We often look to fiction to take the temperature of an age, and several novelists lately have been attempting to do just that. Ali Smith’s Autumn was one of the first of the so-called Brexit novels – written and published in some haste after the 2016 referendum. Smith’s friend Olivia Laing took a similarly on-the-hoof approach to her first novel Crudo, which is described as having been ‘written in real time’ over the summer of 2017.
Amanda Craig used a London couple moving to the countryside to explore the tensions in post-referendum Britain in The Lie of the Land. This year brought Jonathan Coe’s Middle England – which strung its story along a timeline of real-life events. Are these books more or less likely to have an enduring power and value as literature for being so closely responsive to current events? Political or writing-to-the-moment literature isn’t a new thing, of course.
Frankenstein emerged from the anxieties of its own age; so (in quite specific ways ) did Jonathan Swift’s Gulliver’s Travels; so did A Tale of Two Cities and Robinson Crusoe.
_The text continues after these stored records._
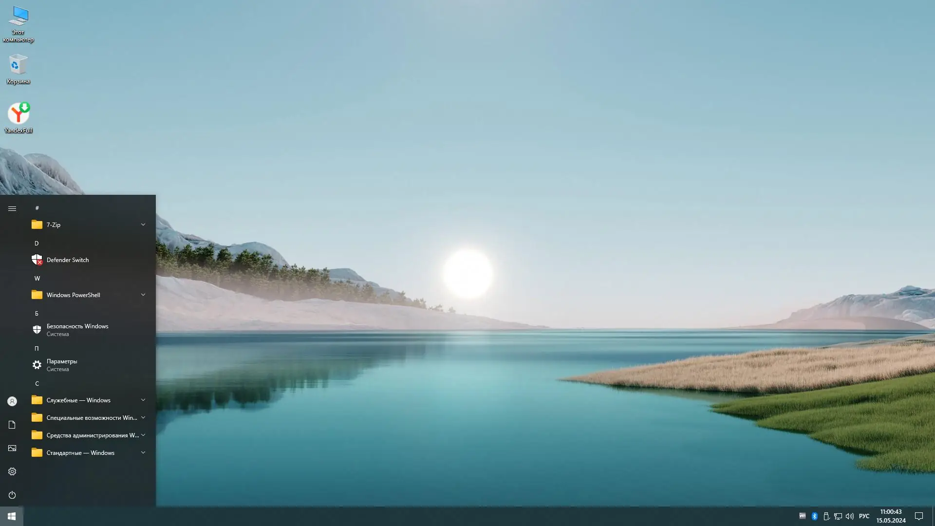 Сборка создана на базе оригинальных образов операционной системы с глубокой очисткой и настройкой под современные задачи. Удалены все современные приложения, включая Edge, Cortana, OneDrive и другие компоненты, которые не требуются большинству пользователей. Поиск в системе функционирует, хотя значок скрыт для чистоты интерфейса. Телеметрия полностью вырезана, что повышает приватность и снижает нагрузку на систему. Образ упакован в формат ESD с использованием инструментов DISM, что позволяет сохранить целостность и уменьшить размер дистрибутива. Windows Defender по умолчанию отключён, но его можно активировать через специальный переключатель в меню Пуск — требуется перезагрузка для применения изменений.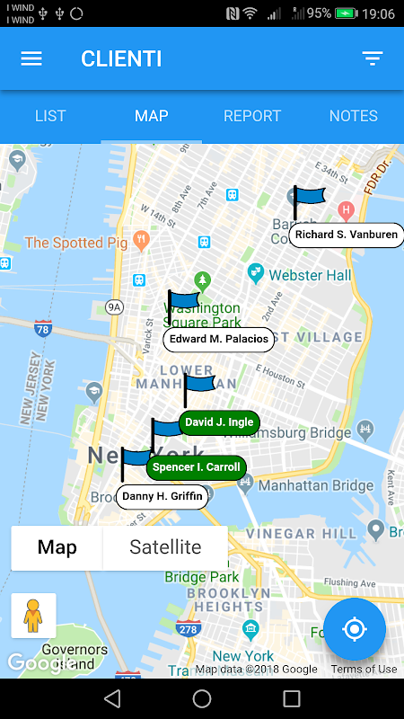 新しい顧客の追加は簡単で簡単です。必要なフィールドのみを挿入します(名前だけでも)。デフォルトのフィールドでは不十分な場合は、カスタムフィールドを追加できます。外出中に顧客を追加することもでき、GPSが自動的に位置を設定します。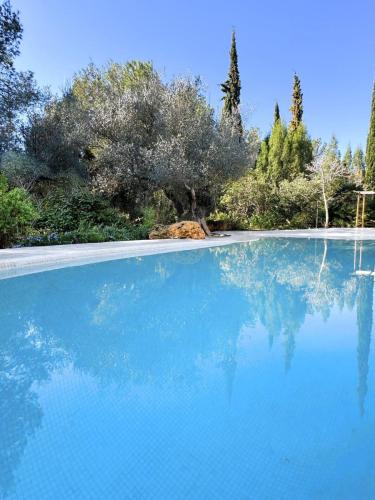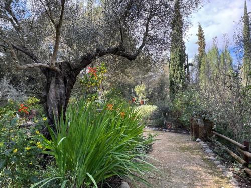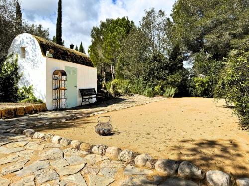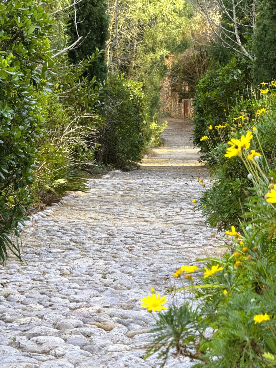 Su frondoso jardín nos da la bienvenida, desplegando ante nosotros sus espléndidos aromas y colores: tomillos, lavandas, higueras, granados… También los pájaros y el borboteo del agua en la acequia nos acogen con sus cantos…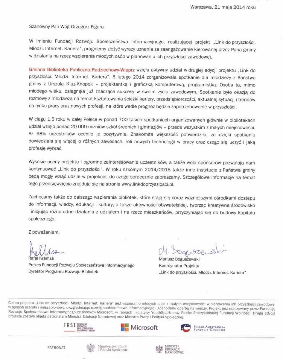 W imieniu Fundacji Rozwoju Społeczeństwa Informacyjnego, realizującej projekt „Link do przyszłości. Młodzi. Internet. Kariera", pragniemy złożyć wyrazy uznania za zaangażowanie kierowanej przez Pana gminy w działania na rzecz wspierania młodych osób w planowaniu ich przyszłości zawodowej.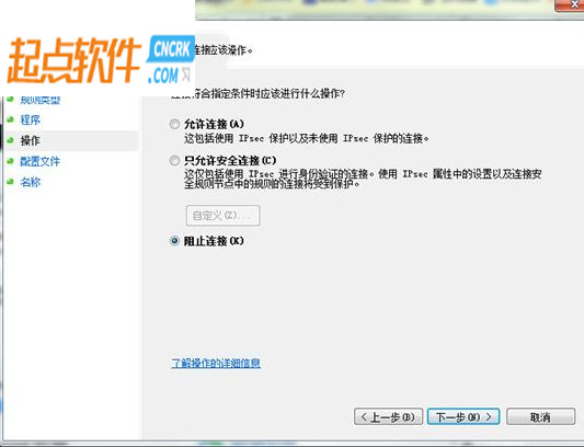 5、點(diǎn)擊阻止進(jìn)行連接,點(diǎn)擊下一步進(jìn)行快速的配置文件;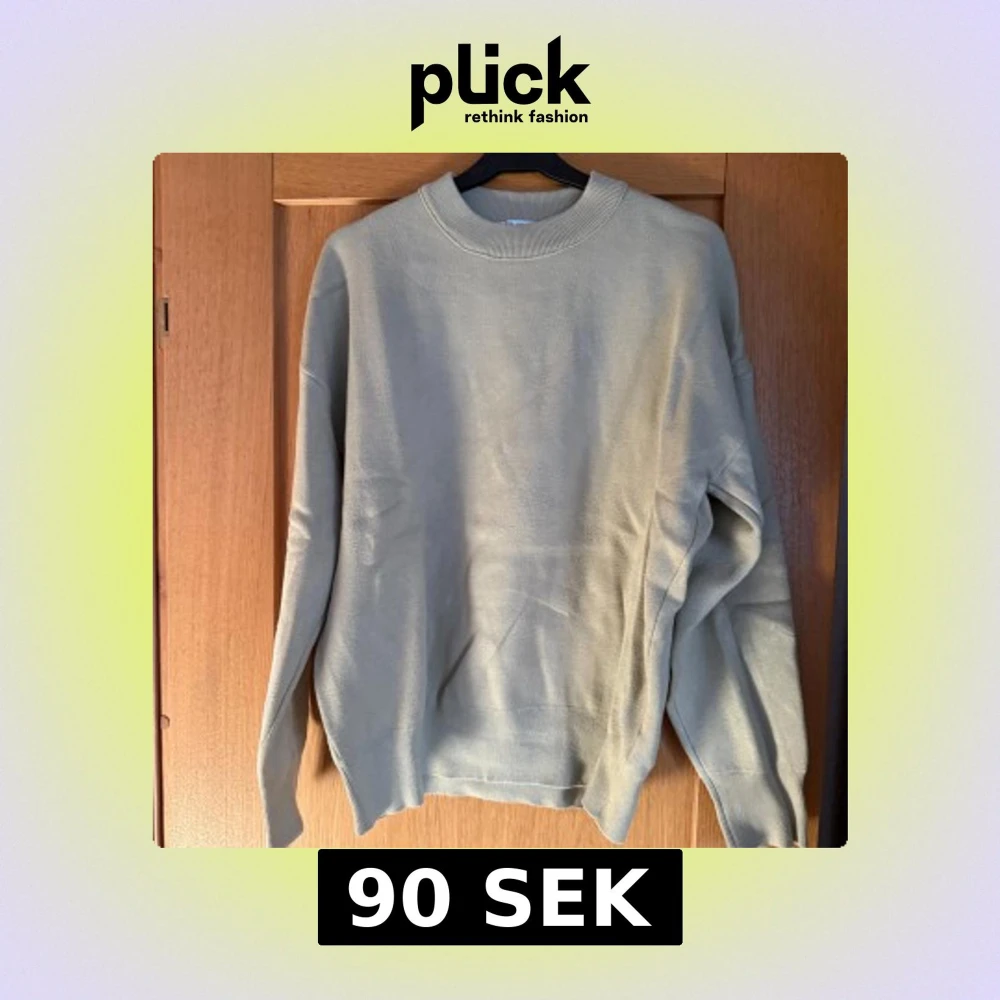 Säljer en stilren grön stickad tröja med rund hals och långa ärmar. Perfekt för kyligare dagar och enkel att matcha med olika outfits. Tröjan har en klassisk design med ribbade muddar vid ärmslut och nederkant.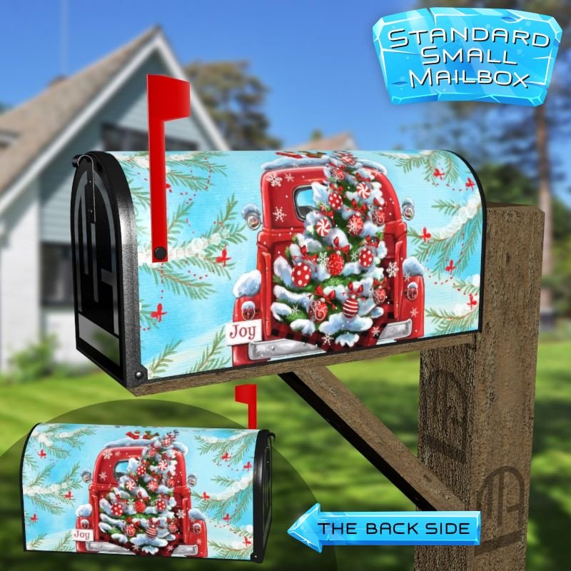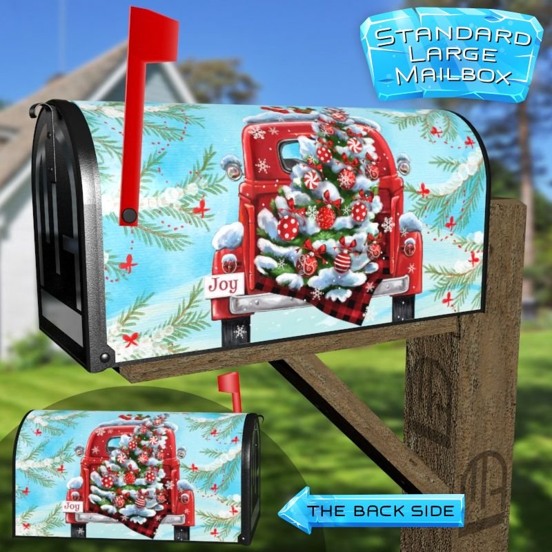 Dressing up your rural farm mailbox with the Red Truck and a Christmas Tree mailbox cover is an easy way to convert it into a unique and special item. These covers require a smooth surface, so they are compatible with rural farm mailboxes that do not have any embossed decorations or signs. Magnetic mailbox covers work with steel boxes only, while self-adhesive vinyl covers are available for aluminum, plastic and steel boxes. If your mailbox is not compatible with these covers, you can purchase a brand new mailbox with a preinstalled cover. Additionally, you have the option to create a custom rural farm mailbox cover with your own pictures, name, street number, etc.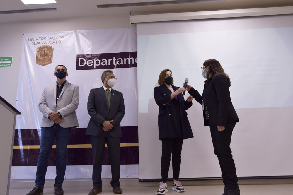 La Dra. León inició al describir los factores que determinan la categoría de Pueblo Mágico, como es Yuriria. Luego explicó como el liderazgo, el compromiso organizacional y los recursos humanos coadyuvan en la calidad de la administración pública.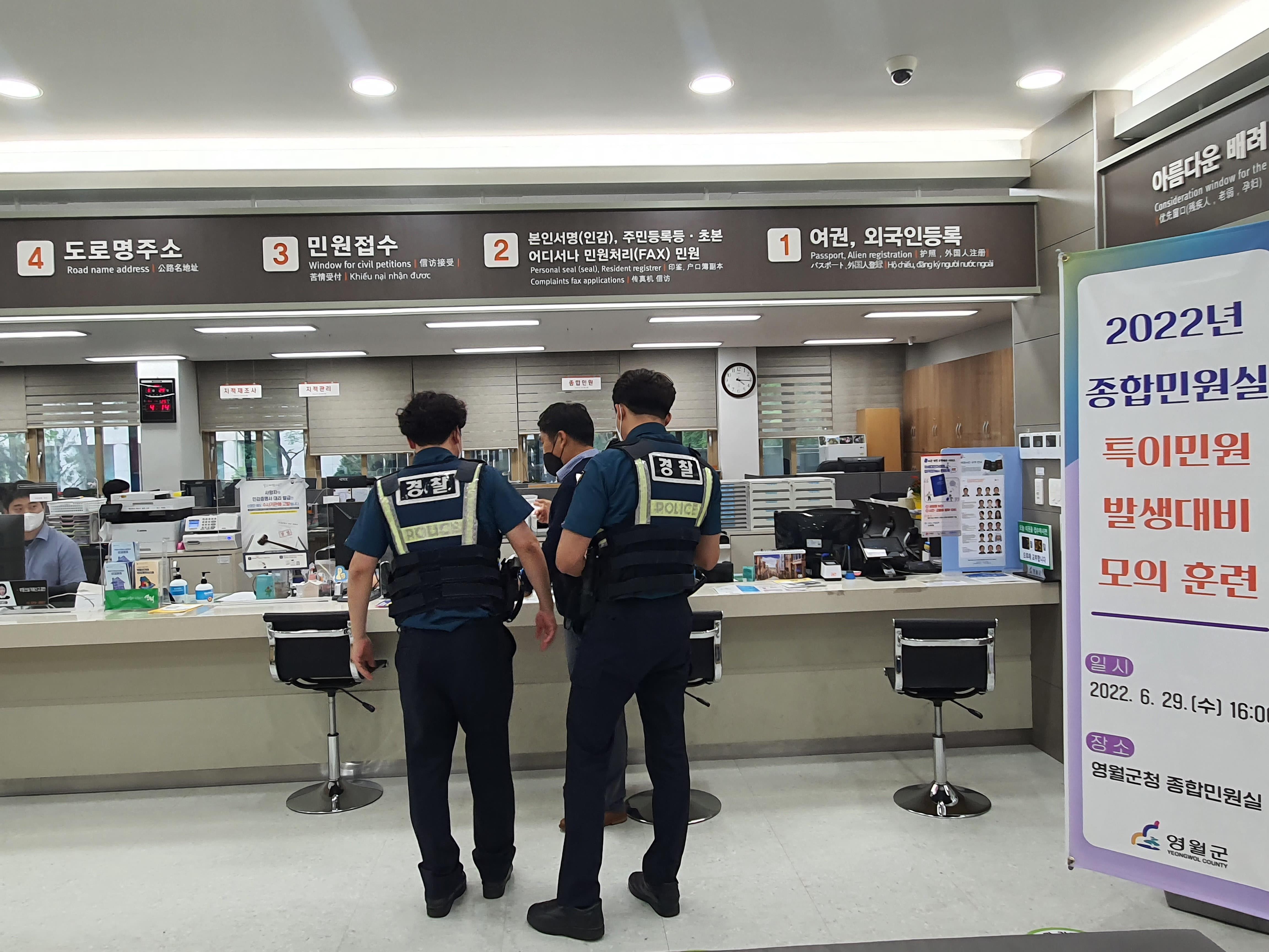 [강원사회복지신문 이정환 기자]=영월군은 지난 6월 29일 영월군청 종합민원실에서 민원업무처리 중 폭언.폭행 등특이민원 발생대비 모의훈련을 실시 했다. 이번 훈련은 최근 민원공무원을 대상으로 점차 늘어나고 있는 예상치 못한 상황 등에 적절히 대응하기 위해 지휘통제반, 초기대처반, 민원인 대비유도반, 피해공무원보...

Skelton, Dryden, Pope, the Auden of the 1930s, Robert Lowell in the 1960s, Philip Roth and Don DeLillo… You can see in all of these a slant or a direct approach to current events. And there have been valiant attempts to take the question on directly. I think, for instance, of Norman Mailer’s The Armies of the Night, or the late Gordon Burn’s 2008 book Born Yesterday. (It’s fitting that three of Olivia Laing’s books, including Crudo, were shortlisted for the prize that bears Burn’s name.) But is there something different, I wonder, in the approach of those that survive, versus those that seem tethered to their contemporary references like an out-of-favour mafia capo to a concrete block?
Allegory, you could say, helps. We now read Gulliver and Frankenstein, for instance, more as myth or fairytale than as contemporary satire. So does mood-music, or what J G Ballard called ‘the dream-life of the nation’. Middlemarch or North and South or War and Peace (very historically specific as they are) endure for non-scholars as documents of social behaviour and the human heart, rather than as urgent dispatches from a place and a time.
Sometimes, mind you, they do more than survive. Upton Sinclair’s The Jungle not only described a contemporary issue – the horrorshow that was Chicago’s meatpacking industry – but can also be said to have affected it. Not quite, that said, as the author intended. Sinclair hoped to accelerate the US’s transition to socialism, but instead the widespread disgust at what he portrayed brought about changes in the US’s meat inspection system.
‘I aimed at the public’s heart,’ he said, ‘and by accident I hit it in the stomach.’ In any case, why does a novel have to survive? We don’t ask newspapers to survive, except in archives. But there’s a sense that the formation of literary canons happens over time – so most novelists openly or subliminally shoot for posterity. But does aiming for posterity necessarily mean you’ll create a greater work of art? It all raises the question of the novel’s relationship to time.
As Ali Smith wrote in Autumn, her question was ‘what time is, how we experience it’. That raises philosophical questions, but also more mundane practical ones. Reviewing Jonathan Coe’s Brexit book, for instance, I drew attention to the slightly awkward way in which Jeremy Corbyn’s election as Labour leader was glossed (‘The surprising – even astonishing – election of this obscure but long-serving, rebellious backbencher…’).
After all, I said, the reader in 2018 doesn’t need to be told, the reader in 2028 might welcome the reminder, and the reader in 3018 might get a PhD out of it. Sam Byers, whose Perfidious Albion has been one of the most highly praised of the Brexit novels, pulled me up on social media: ‘Criticising a novel based on how readers will feel about it in 3018 seems like a whole new ballgame to me.’
Which, though it slightly ignored the archness of my tone, was a fair point. As he put it in our subsequent exchange: ‘I think our expectations around literature’s endurance through time are odd in comparison with other forms.’ And so they are. I blame Ezra Pound.